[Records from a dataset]
━━━━━━━━━━━━━━━━━━━━

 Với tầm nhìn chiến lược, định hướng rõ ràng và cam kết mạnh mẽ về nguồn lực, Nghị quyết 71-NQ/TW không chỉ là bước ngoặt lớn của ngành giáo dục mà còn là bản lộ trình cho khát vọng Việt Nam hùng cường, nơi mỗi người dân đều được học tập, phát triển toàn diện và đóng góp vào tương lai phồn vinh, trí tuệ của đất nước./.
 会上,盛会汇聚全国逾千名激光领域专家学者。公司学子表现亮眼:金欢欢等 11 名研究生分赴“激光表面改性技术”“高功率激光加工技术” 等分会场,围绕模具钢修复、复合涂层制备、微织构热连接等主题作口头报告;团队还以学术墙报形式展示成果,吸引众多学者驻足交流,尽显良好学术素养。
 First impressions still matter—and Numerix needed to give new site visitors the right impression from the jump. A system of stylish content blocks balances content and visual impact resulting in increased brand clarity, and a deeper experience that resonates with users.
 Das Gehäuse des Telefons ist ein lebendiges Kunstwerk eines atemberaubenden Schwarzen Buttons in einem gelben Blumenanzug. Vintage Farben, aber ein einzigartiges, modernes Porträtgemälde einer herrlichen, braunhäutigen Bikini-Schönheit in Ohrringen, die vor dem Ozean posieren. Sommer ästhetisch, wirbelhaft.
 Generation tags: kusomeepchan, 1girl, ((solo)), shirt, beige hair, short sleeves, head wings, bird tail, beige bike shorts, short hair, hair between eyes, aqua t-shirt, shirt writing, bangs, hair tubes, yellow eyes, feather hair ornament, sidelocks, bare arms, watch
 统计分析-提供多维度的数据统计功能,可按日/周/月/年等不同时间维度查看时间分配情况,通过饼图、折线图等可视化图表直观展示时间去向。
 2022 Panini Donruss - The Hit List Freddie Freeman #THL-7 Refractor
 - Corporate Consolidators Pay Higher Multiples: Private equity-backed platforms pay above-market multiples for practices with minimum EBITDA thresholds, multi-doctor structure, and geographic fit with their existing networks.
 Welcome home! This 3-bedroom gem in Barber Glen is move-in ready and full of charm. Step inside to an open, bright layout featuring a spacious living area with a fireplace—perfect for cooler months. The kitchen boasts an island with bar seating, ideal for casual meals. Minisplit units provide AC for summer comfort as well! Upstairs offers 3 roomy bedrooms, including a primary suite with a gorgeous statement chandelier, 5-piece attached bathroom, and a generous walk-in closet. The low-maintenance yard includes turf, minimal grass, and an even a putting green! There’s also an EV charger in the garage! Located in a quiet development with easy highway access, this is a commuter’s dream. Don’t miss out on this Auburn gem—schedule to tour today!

━━━━━━━━━━━━━━━━━━━━

PROBLEM TO WORK ON
Of the entries listed above, reproduce only the lines starting at the line containing "First impressions still" and ending at the line containing "- Corporate Consolidators". Include both, exactly as they stand.

RESULT OF THIS EXERCISE
 First impressions still matter—and Numerix needed to give new site visitors the right impression from the jump. A system of stylish content blocks balances content and visual impact resulting in increased brand clarity, and a deeper experience that resonates with users.
 Das Gehäuse des Telefons ist ein lebendiges Kunstwerk eines atemberaubenden Schwarzen Buttons in einem gelben Blumenanzug. Vintage Farben, aber ein einzigartiges, modernes Porträtgemälde einer herrlichen, braunhäutigen Bikini-Schönheit in Ohrringen, die vor dem Ozean posieren. Sommer ästhetisch, wirbelhaft.
 Generation tags: kusomeepchan, 1girl, ((solo)), shirt, beige hair, short sleeves, head wings, bird tail, beige bike shorts, short hair, hair between eyes, aqua t-shirt, shirt writing, bangs, hair tubes, yellow eyes, feather hair ornament, sidelocks, bare arms, watch
 统计分析-提供多维度的数据统计功能,可按日/周/月/年等不同时间维度查看时间分配情况,通过饼图、折线图等可视化图表直观展示时间去向。
 2022 Panini Donruss - The Hit List Freddie Freeman #THL-7 Refractor
 - Corporate Consolidators Pay Higher Multiples: Private equity-backed platforms pay above-market multiples for practices with minimum EBITDA thresholds, multi-doctor structure, and geographic fit with their existing networks.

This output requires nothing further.